Мне и не приходило в голову ее жалеть. Я чувствовала себя неловко, испытывая одновременно замешательство и печаль. Ее письмо помешало мне получить удовольствие от моей свадьбы. То, что она не пришла ко мне на чтение книг третьего дня свадьбы, глубоко ранило меня. А теперь все это. Я была в смятении, а в голове у меня билась мысль о том, что Снежный Цветок предала меня. Все эти ночи, проведенные вместе, — почему тогда она не сказала правду? Может быть, она искренне верила в то, что судьба ее изменится? Может быть, улетая куда-то в мыслях, она думала, что это произойдет и в реальности? Может быть, она и вправду надеялась, что наши ноги оторвутся от земли и наши души будут парить среди птиц? Или просто старалась сохранить лицо, не доверяя мне свои секреты и полагая, что сегодняшний день никогда не наступит?
Возможно, мне следовало бы рассердиться на Снежный Цветок за то, что она лгала мне, но я не была рассержена. Я считала, что меня обманули ради моего особого будущего, и это сделало меня слишком сосредоточенной на себе самой, не позволяя видеть то, что происходит прямо перед моими глазами. Не было ли это моим недостатком как подруги, как лаотун, помешавшим мне задать ей нужные вопросы о ее прошлом и ее будущем?
Мне было только семнадцать лет. Я провела последние десять лет в верхней комнате, в окружении женщин, которые видели мое особое будущее. То же самое можно сказать и о мужчинах в нашем доме. Но когда я думала о них всех — о Маме, Папе, Тете, Дяде, Мадам Гао, Мадам Ван и даже о Снежном Цветке, — единственным человеком, кого я действительно могла бы винить, была моя мать. Мадам Ван могла обмануть ее в самом начале, но потом Мама постепенно узнавала правду и решила мне ничего не говорить. Мое нынешнее отношение к матери сплеталось с осознанием того, что ее редкие знаки любви ко мне, которые я теперь считала частью ее лживого умалчивания, было просто способом удержать меня на пути к выгодному браку, который облагодетельствовал бы всю нашу семью.

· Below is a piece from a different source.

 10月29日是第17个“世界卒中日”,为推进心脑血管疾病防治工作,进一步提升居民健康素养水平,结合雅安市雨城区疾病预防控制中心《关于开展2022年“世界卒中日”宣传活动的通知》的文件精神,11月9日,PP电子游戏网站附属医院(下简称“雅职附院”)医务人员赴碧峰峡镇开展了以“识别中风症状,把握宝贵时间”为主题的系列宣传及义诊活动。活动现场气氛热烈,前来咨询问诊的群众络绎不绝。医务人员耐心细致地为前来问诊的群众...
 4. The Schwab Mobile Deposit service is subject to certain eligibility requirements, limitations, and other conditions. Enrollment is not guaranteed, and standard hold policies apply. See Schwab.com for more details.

Какое-то время я пребывала в сильном замешательстве и думаю, это создало почву для того, что произошло позже. Я не знала своей души. Я не видела и не понимала главного. Я была глупой девчонкой, которая вообразила, что многое знает о жизни, потому что вышла замуж. Я не представляла, как распутать клубок всех этих чувств, поэтому и похоронила их глубоко, глубоко внутри себя. Но мои чувства не могли исчезнуть. Я как будто бы проглотила кусок испорченной свинины, и он постепенно начал отравлять мои внутренности.
* * *
Я еще не стала той госпожой Лу, которую сейчас все уважают за ее доброту, сострадательность и силу. И все же, с того самого дня, когда я вошла в дом Снежного Цветка, я почувствовала в себе нечто новое. Подумайте опять об этом испорченном куске свинины, и вы поймете, о чем я говорю. Я должна была притвориться, что не больна и не заражена, поэтому я и нашла хорошую цель для применения своей силы воли. Я хотела принести честь семье моего мужа своей щедростью и добротой по отношению к людям, находящимся в тяжелых обстоятельствах. Конечно, я не знала, как это сделать, потому что подобные веши не были для меня естественными.

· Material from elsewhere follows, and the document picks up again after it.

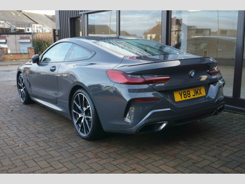 This 2019 BMW 8 Series 840d boasts a full service history, offering peace of mind for its next owner. This impressive four wheel drive model is powered by a 3.0L diesel engine and meets Euro 6 emission standards. Inside, you'll find the luxurious BMW Individual Extended Merino Leather in Night Blue Black, complemented by automatic two zone climate control. The BMW Live Cockpit Professional provides seamless connectivity with Bluetooth, a Head Up Display, and USB audio interface, while voice control and hands free calling ensure convenience. Parking is made effortless with the Parking Assistant, including a rear camera.Experience exhilarating performance with the 840d's rapid 0-62mph acceleration in just 4.9 seconds, a testament to its powerful engine and advanced drivetrain. This capability, combined with its spacious boot, positions it as a superior choice for those seeking both dynamic driving and practicality. The comprehensive specification and meticulous servicing history further underscore the quality and desirability of this exceptional BMW.. 12V Power Socket - Front x2, 20in Alloy Wheels - M Light Y-Spoke 728M Bicolour with Run-Flat Tyres and Mixed Tyres, ABS - Anti Lock Braking System, Active Carbon Microfilter, Active Guard, Active Protection, Adaptive M Suspension, Air Conditioning Automatic with Two-Zone Control, Airbags, Alarm System - Thatcham 1 with Remote Control and Engine Immobiliser, Ambient Interior Lighting - Dynamic, Armrest - Front Centre with Storage Compartment, BMW Connected Package Professional, BMW ConnectedDrive Online Services, BMW ConnectedDrive Professional, BMW Display Key, BMW Icon Adaptive LED Headlights, BMW Individual Headliner - Anthracite, BMW Legal Emergency Call, BMW Live Cockpit Professional, BMW TeleServices, Bluetooth Hands Free with USB Audio Interface and Voice Control, Brake Pad Wear Indicator, Central Locking Switch, Check Control Warning System, Child Seat ISOFIX Attachment - Rear, Climate Comfort Windscreen, Closing System with Central Locking, Comfort Access System, Condition Based Service, Crash Sensor, Cruise Control with Brake Function, Cup Holders - Front x2, DAB Digital Radio, DSC - Dynamic Stability Control - Stabilises the Vehicle in Extreme Situations - Controls Traction, DTC - Dynamic Traction Control, Double-Wishbone Front Axle, Drive Experience Control with Sport - Comfort - Eco - Pro and Adaptive Modes, Dynamic Brake Lights, Dynamic Damper Control, Electric Windows - Front, Electro-Mechanical Parking Brake with Auto-Hold Function, Enhanced Bluetooth Telephone Preparation with Wireless Charging, Entry Lights - Front Doors, Exhaust Tailpipe - Finisher in Chrome, Exterior Door Handle Illumination, Exterior Mirror Housing - Upper Section in Body Colour with Lower Section in Black, Exterior Mirrors - Folding - Heated - Electrically Adjustable, Exterior Trim - High Gloss Shadowline, Favourite Buttons, First Aid Kit and Warning Triangle, Floor Mats - Velour, Follow Me Home Headlight Function, Front and Rear Bumper System with Replaceable Deformation Elements, Glove Box, Head-Up Display, Headlining - M Anthracite, Headrests - Active Front, High Level Third Brake Light Using LED Technology, High-Beam Assistant, Instrument and Upper Door Panels - Leather-Trimmed Walknappa Leather, Integral Active Steering, Integrated Owners Handbook, Interior Mirror - Frameless, Interior Trim Finisher - Stainless Steel Fabric, Keyless Start, Kidney Grille - Bright Chrome, Kidney Struts - Satinised Aluminium, Locking Wheel Bolts, Loudspeaker System - Harman Kardon, M Aerodynamics Package, M Designation on Front Side Panels - Left and Right - Chrome, M Door Sill Finishers - Illuminated, M Pedals, M Rear Spoiler - Body Colour, M Sport Braking System, M Sport Package, Model Logo - Tailgate - Right, Multifunctional Sport Seats - Driver and Front Passenger, Oil Sensor For Level and Grade, PDC - Park Distance Control - Front and Rear, Parking Assistant, Rain Sensor with Automatic Headlight Activation, Reading Lights - Front, Rear Lights - LED, Reversing Assist Camera, Run-Flat Indicator, Run-Flat Tyres, Seat Adjustment - Front Electric with Driver Memory, Seat Belts - Front - Three-Point with Pyrotechnical Belt Latch Tensioner - Belt Force Limiter and Belt Stopper, Seat Belts - Rear - Three-Point with Pyrotechnical Belt Latch Tensioner and Belt Force Limiter, Seat Heating - Front, Seats - 50-50 Split Folding Rear, Servotronic Steering, Side Impact Protection, Speed Limiting Function, Sport Automatic Transmission, Steering Column with Adjustable Height and Length - Activation via Lateral Lever on Steering Column, Steering Wheel - Gearshift Paddles, Steering Wheel - M Leather Multifunction, Sun Visors with Illuminated Vanity Mirrors, TPMS - Tyre Pressure Monitoring System, Tailgate Operation - Powered, Thermally Insulated Windscreen, Two Tone Horn, Vehicle Key with M-Specific Designation, Welcome Light - Interior and Handle Area, WiFi Hotspot Preparation, Windscreen Washer Jets - Heated, iDrive Touch Controller with Shortcut Buttons, xDrive Desi. Full service history

Снежный Цветок выходила замуж через месяц, поэтому я помогла ей и ее матери прибрать дом. Мне хотелось сделать его приличным для вечеринки жениха, но ничего нельзя было поделать с вонью, проникшей во все комнаты. Приторная сладость шла от опиума, который курил отец Снежного Цветка. А другая вонь, как вы, возможно, догадываетесь, шла из его переполненного кишечника. Ни ладан, ни уксус, ни открытые окна (даже в эти холодные дни) не могли скрыть мерзость этого человека и его привычек.
Я наблюдала повседневную жизнь этого дома, где две женщины существовали в страхе перед мужчиной, пребывавшим в своей комнате внизу. Я слышала их приглушенные голоса и видела, как они непроизвольно съеживались, когда он звал их. И я видела его самого, лежащего в грязи и вони. Даже в бедности он был капризным и крикливым, как испорченный ребенок. Наверное, было время, когда он мог ударить жену или дочь, но сейчас он был настолько истощен наркотиками, что лучше было оставить его наедине с его пороком.

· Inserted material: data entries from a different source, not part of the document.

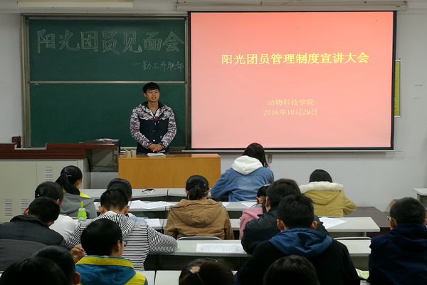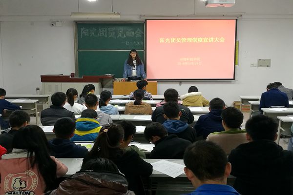 为使av在线学生充分发挥奉献精神,积极回报社会,了解自身的责任和义务。近日,av在线于在八号教学楼举行了以“快乐生活,常怀感恩,无私奉献”为主题的阳光团员见面会暨管理制度宣讲会。我校阳光团工委田勇副书记应邀出席了本次会议。
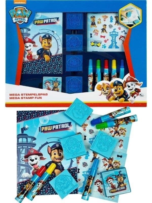 Kreatywny zestaw z ulubionymi postaciami z bajki Psi Patrol. Zawartość: 4 pieczątki, 5 pisaków, 1 notatnik, plastikowe pudełeczko z gąbką nasączoną nietoksycznym tuszem, zestaw naklejek. przeczytaj całość
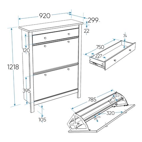 У обувницы имеется один выдвижной ящик для различный мелочей и два отсека для обуви — идеальное решение для компактной прихожей. Галошница оснащена надежными магнитными фиксаторами, которые обеспечивают безопасность и предотвращает случайное падение полки. Вы можете быть уверены, что обувь останется на своем месте.
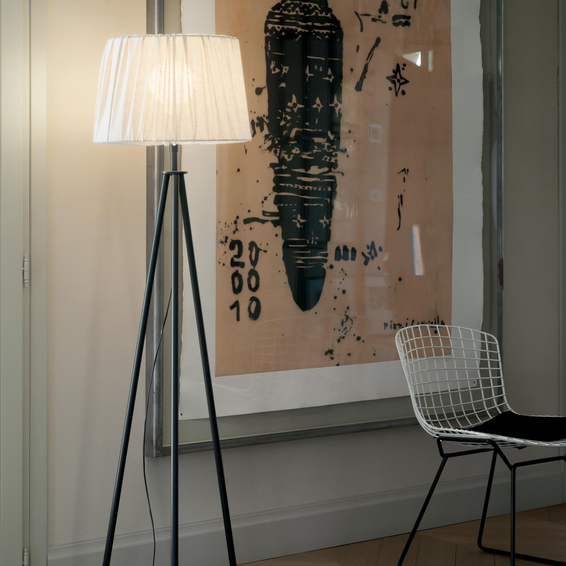 Основа из металла матовой краски. Абажур из натуральной взаимозаменяемой ткани,стирается. Две ткани включены: белая/чёрная и канва.
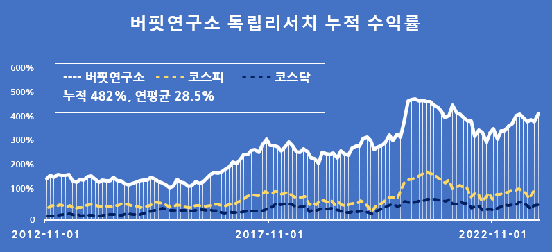 버핏연구소 독립리서치는 워렌 버핏으로 대표되는 가치투자(value investing)의 관점에서 분석과 탐방을 진행하고 이를 가반으로 독립 리서치를 생산해 호평 받고 있습니다. 성공투자를 위해 꼭 알아야 할 기업을 직접 탐방해 IR담당자, 임직원과 Q&A(질의응답)를 진행합니다. 2012년 9월 첫 보고서를 생산했고 이를 기반으로 운영한 가상 포트는 연평균 수익률 28.5%를 기록했습니다. 투자자분들의 재산 증식에 기여하는 성공투자 길잡이가 되겠습니다.
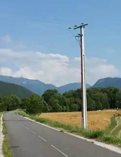 At the centre of the picture: a wooden pole on 115 kV power line | |
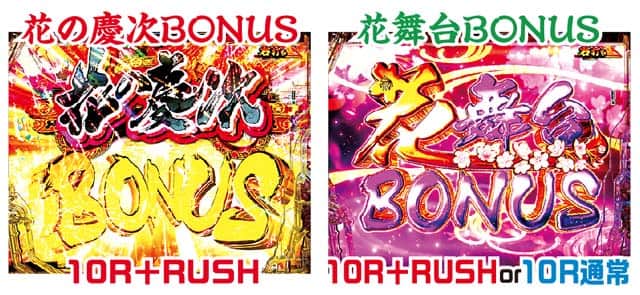 図柄揃い大当りの大半は花舞台BONUS。チャレンジ演出でRUSH=LT発動の有無が決まる!

Я старалась не обнаруживать своих чувств. В этом доме было пролито достаточно слез, здесь их и без моих хватало. Я попросила Снежный Цветок показать мне ее приданое. Про себя я подумала: может быть, семья мясника будет не такой уж скверной. Я увидела куски шелка, над которыми трудилась Снежный Цветок. Эти люди могут быть относительно богаты, даже если они нечисты духовно.
Снежный Цветок открыла деревянный сундук и аккуратно разложила на постели все вещи, которые она сшила. Я увидела небесно-голубые шелковые туфли с узором из облаков, которые она закончила в тот день, когда умерла Прекрасная Луна. Я увидела жакет, у которого на вставке был использован тот же шелк. Затем Снежный Цветок выставила аккуратно друг за другом пять пар туфель разного размера из одной и той же материи, но с разной вышивкой. Все это показалось мне знакомым, внезапно я поняла почему. Все эти веши были сделаны из жакета, в который Снежный Цветок была одета в день нашей первой встречи.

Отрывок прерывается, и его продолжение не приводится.